University of Michigan Center for Statistical 
Genetics
Search
 
 

 
 

Combined Linkage and Association Analysis

In this example, we will compare the evidence for linkage and association in a single dataset. Further, we will test whether a specific SNP variant can account for an observed linkage signal. Recall that linkage measures the effect of a broad chromosomal region (which may include thousands of distinct alleles) whereas association focuses on a single allele (or sometimes, a very specific subset of alleles). Thus, testing whether a SNP can explain a linkage signal is equivalent to testing for the presence of additional alleles of large effect in the region covered by a linkage signal.

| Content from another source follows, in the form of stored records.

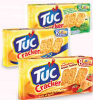
TUC CRACKER Classici/Rosmarino Pomodoro e Grana 250 gr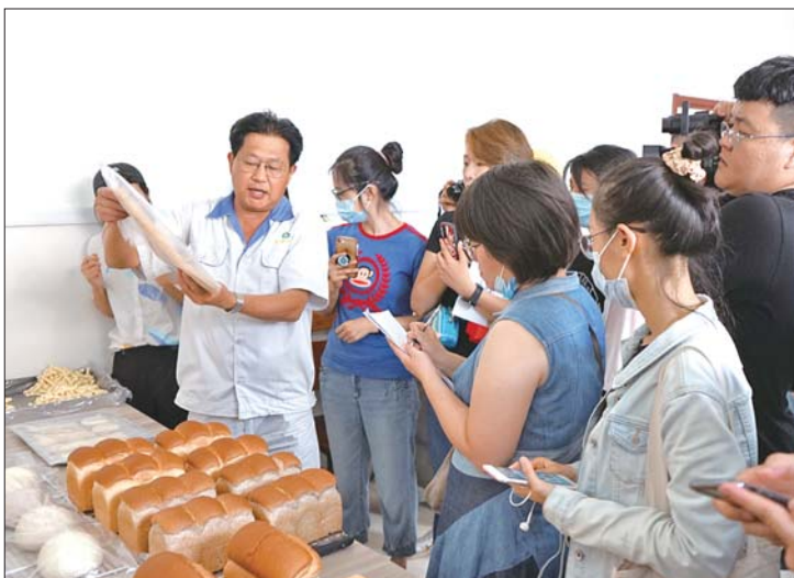
媒体采访团在金浩面粉采访该公司新品研发。

“道不尽齐鲁粮油好”2020全媒体山东行首站于8月12日至15日成功举办,媒体记者走进聊城、菏泽、济宁、泰安等地的多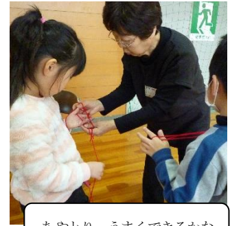
あやとり、うまくできるかな

子供たちを普段から見守ってくれている地域の皆さんの温かさを、あらためて知る良い機会になったと思います。ご参加いただいた皆さんに感謝申し上げます。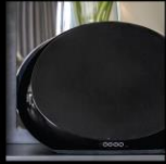
HIGH-FIDELITY AUDIO STREAMING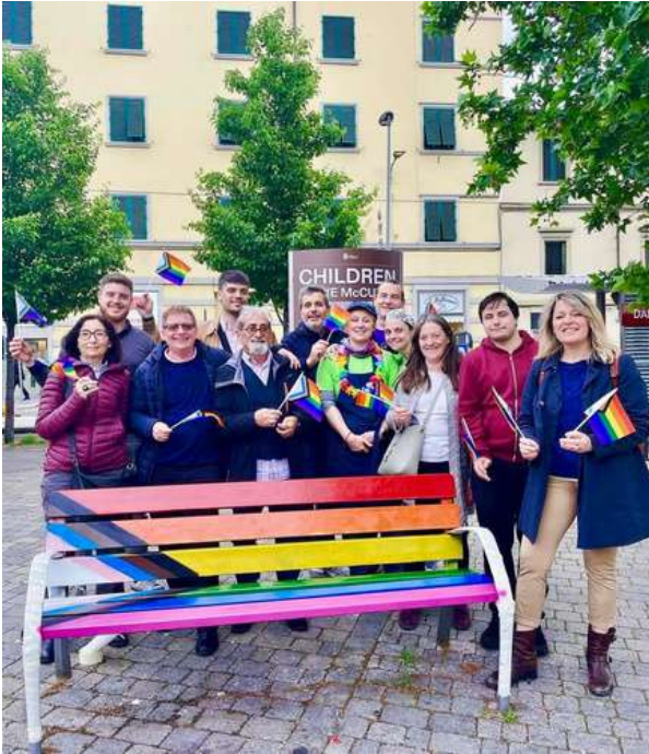
Panchina inclusiva presso Piazza Dalmazia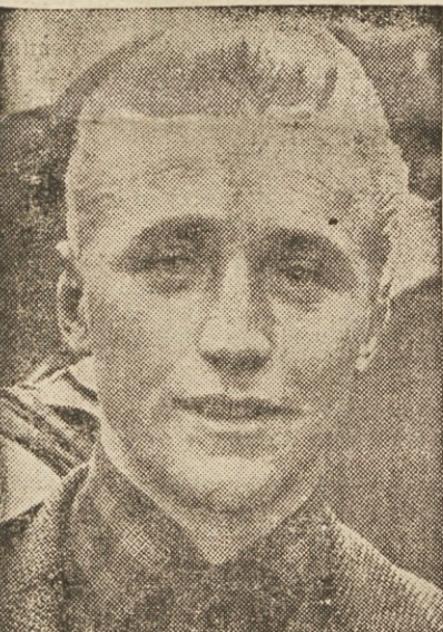
Mladi Avstrijec Molterer je danes ponovno dokazal, da je eden najbolj alpskih vozačev na svetu.

Beograd, 1. maja. Prvega in drugega maja je bil v Beogradu košarkarski turnir, na katerem so sodelovale poleg državne reprezentance tudi ekipe BSK, Vojvodine in Beograda. Ta turnir je bil organiziran predvsem zato, da tehnično vodstvo ugotovi, v kakšni formi se nahajajo igralci državne reprezentance. Doseženi rezultati so pravzaprav prava podoba stvarnih moči vseh nastopajočih moštev, predvsem pa smo lahko zadovoljni z igro našega izbranega moštva. Rezultati: BSK : Vojvodina 43:31 (23:10), drž. reprezentanca : Beograd 79:42 (31:24), BSK : Beograd 53:53 (34:25), drž. repr. : Vojvodina 88:58 (45:19), Beograd : Vojvodina 75:53 (29:22), drž. repr. : BSK 58:38 (25:15).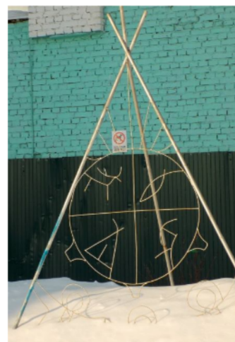
A Szakközépiskola előtt felállított 4 szobor egyike sátor (csum) alakú szobor őslakos szimbólumokkal (hal, vadász, sátor, rénszarvas)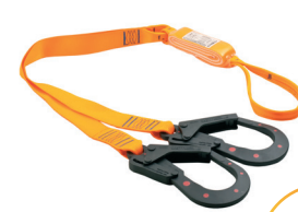
AT 707 YFE ABS-DE aplicação: Retenção de queda, progressão vertical.

Before attempting this tutorial, it is recommended that you first complete the tutorials describing a simple association analysis and a parametric linkage analysis using MOD scores.

Input Files

We will examine evidence for linkage and association of age-related macular degeneration to the CFH gene in chromosome 1q. Strong association between a polymorphism in the gene and age-related macular degeneration was originally reported in Science by three different groups [Pubmed]. We will use a subset of the data previously published by Abecasis et al. (2004) and Zareparsi et al. (2005). This subset of the data includes only genotypes for three markers and has been edited to remove all identifying information, so as to preserve anonymity of all study participants.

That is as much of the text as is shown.